Activity:
Where the line containing "yeyuix Posted March" appears, begin retyping; continue exactly through the final line of the data. Omit every picture.

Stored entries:
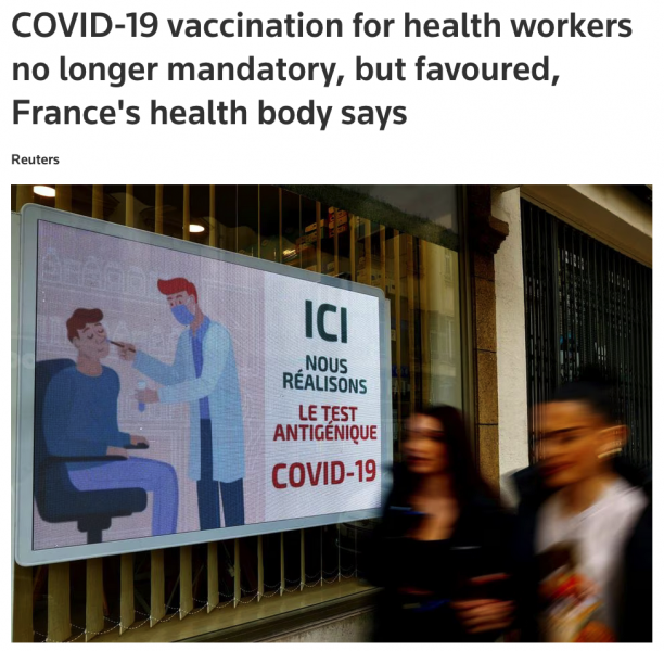 COVID-19 vaccination for health workers no longer mandatory, but favoured, France's health body says | Reuters
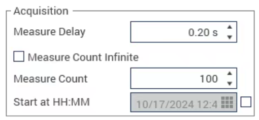 采集(Acquisition)设置包括Measure Delay(测量延迟)和Measure Count(测量次数)的控制。其中Measure Count(测量次数)应设置为要测试的电阻数量。
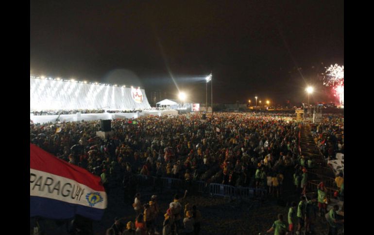 Internacional | Comienza una de las actividades más fuertes de la Jornada Mundial de la Juventud Papa preside vigilia ante más de un millón de personas Como parte de las actividades de la Jornada Mundial de la Juventud, Benedicto XVI preside una vigilia de oración en el aeródromo de Cuatro Vientos Por: NTX 20 de agosto de 2011 - 14:20 hs MADRID, ESPAÑA (20/AGO/2011).- El Papa Benedicto XVI llegó al aeródromo de Cuatro Vientos, en Madrid, para presidir una vigilia de oración junto a más de un millón de personas, como parte de las actividades de la Jornada Mundial de la Juventud (JMJ). Poco después de las 20:45 horas locales (18:45 GMT), el pontífice llegó hasta la base aérea a bordo de un auto cerrado y fue recibido por una multitud que cantaba, gritaba, aplaudía y agitaba banderas y estandartes. La muchedumbre superó todas las previsiones, ya que poco antes de la llegada del Papa todo el perímetro estaba lleno y fueron cerrados los accesos, ya desde la tarde de este sábado todos los controles de orden y seguridad se vieron desbordados. A la llegada del pontífice el coro y la orquesta de la JMJ, junto al Orfeón y la Escalonía, interpretaron la versión internacional del himno de la jornada "Firmes en la fe", y ante un escenario gigante ondearon las banderas de decenas de países. Al bajar del automóvil, los príncipes de Asturias, Felipe y Letizia, saludaron a Benedicto XVI, quien se dirigió a la sacristía para revestirse con los atuendos litúrgicos. Luego, ya sobre el altar, dos jóvenes dieron la bienvenida formal al líder católico: "¡muchas gracias por su presencia entre nosotros, que nos llena de profunda alegría!", dijo uno de ellos. Durante la vigilia está previsto que cinco peregrinos hagan diversas preguntas al Papa, quien las responderá improvisando. Además se leerán pasajes de la Biblia y habrá una adoración eucarística. Temas Europa Papa Benedicto España Lee También Dr. Simi llega al Vaticano; le entregan peluche al Papa León XIV España consigue su boleto a los cuartos de final del Mundial Sub-20 Derrumbe de edificio en Madrid deja cuatro desaparecidos y tres heridos Papa lamenta "el inmenso sufrimiento padecido por el pueblo palestino" Recibe las últimas noticias en tu e-mail Todo lo que necesitas saber para comenzar tu día Registrarse implica aceptar los Términos y Condiciones
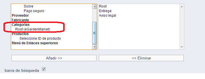 yeyuix Posted March 13, 2013 Author Share Posted March 13, 2013 Buenas. Como ya he conseguido solucionar mi problema, comparto la solución. Resulta que revisando mis categorías me he dado cuenta que la propiedad "Mostrados" de la categoría Inicio o categoría raíz la tenía puesta en "NO" y al modificar esa propiedad y poner el radio button establecido en mostrados "SI" me han aparecido las categorías en mi configuración del menú horizontal. No sé decir cuando modifiqué esa propiedad, ni porqué, pero ahora ya lo tengo claro. Un saludo y siento si mi pregunta era un poco extraña o rebuscada, espero que pueda servir la solución por si le surge el mismo problema a otra persona. Link to comment Share on other sites More sharing options...
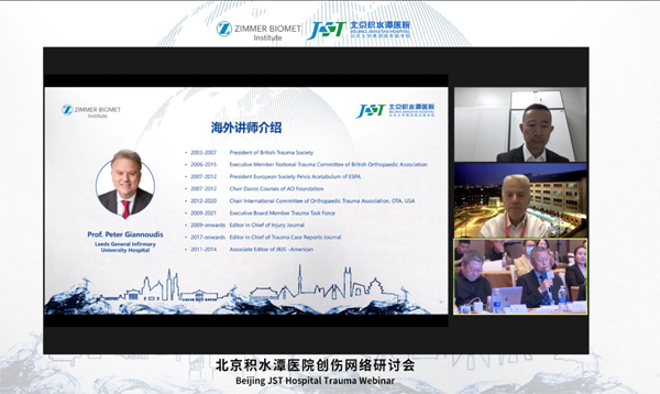 近日,积水潭创伤网络研讨会成功在北京线下会场和线上融合的方式进行举办。本次会议由北京积水潭医院院长蒋协远教授担任课程主席,王满宜教授担任课程学术总顾问,高志强教授,查晔军教授、黄强教授共同授课,会议连线了英国利兹大学综合医院的Peter Giannoudis教授并进行了中英双语同传直播。
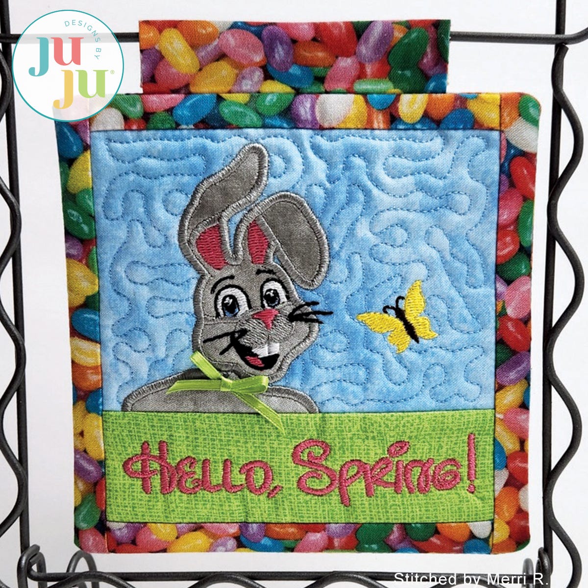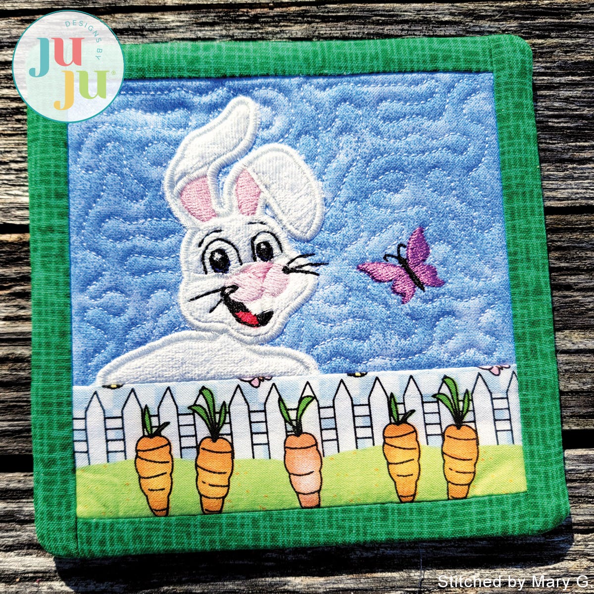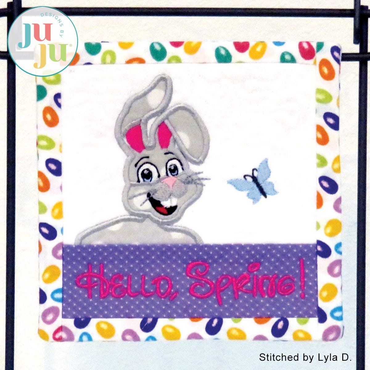 This tiny quilt is entirely stitched in the hoop. No additional hand or sewing machine stitching is required. The center background is quilted. The bunny is appliqued. It’s easy to do; we will show you how. Thorough and detailed instructions as well as many photos will guide you through the process of making this project.

Result of the task:
 yeyuix Posted March 13, 2013 Author Share Posted March 13, 2013 Buenas. Como ya he conseguido solucionar mi problema, comparto la solución. Resulta que revisando mis categorías me he dado cuenta que la propiedad "Mostrados" de la categoría Inicio o categoría raíz la tenía puesta en "NO" y al modificar esa propiedad y poner el radio button establecido en mostrados "SI" me han aparecido las categorías en mi configuración del menú horizontal. No sé decir cuando modifiqué esa propiedad, ni porqué, pero ahora ya lo tengo claro. Un saludo y siento si mi pregunta era un poco extraña o rebuscada, espero que pueda servir la solución por si le surge el mismo problema a otra persona. Link to comment Share on other sites More sharing options...
 近日,积水潭创伤网络研讨会成功在北京线下会场和线上融合的方式进行举办。本次会议由北京积水潭医院院长蒋协远教授担任课程主席,王满宜教授担任课程学术总顾问,高志强教授,查晔军教授、黄强教授共同授课,会议连线了英国利兹大学综合医院的Peter Giannoudis教授并进行了中英双语同传直播。
 This tiny quilt is entirely stitched in the hoop. No additional hand or sewing machine stitching is required. The center background is quilted. The bunny is appliqued. It’s easy to do; we will show you how. Thorough and detailed instructions as well as many photos will guide you through the process of making this project.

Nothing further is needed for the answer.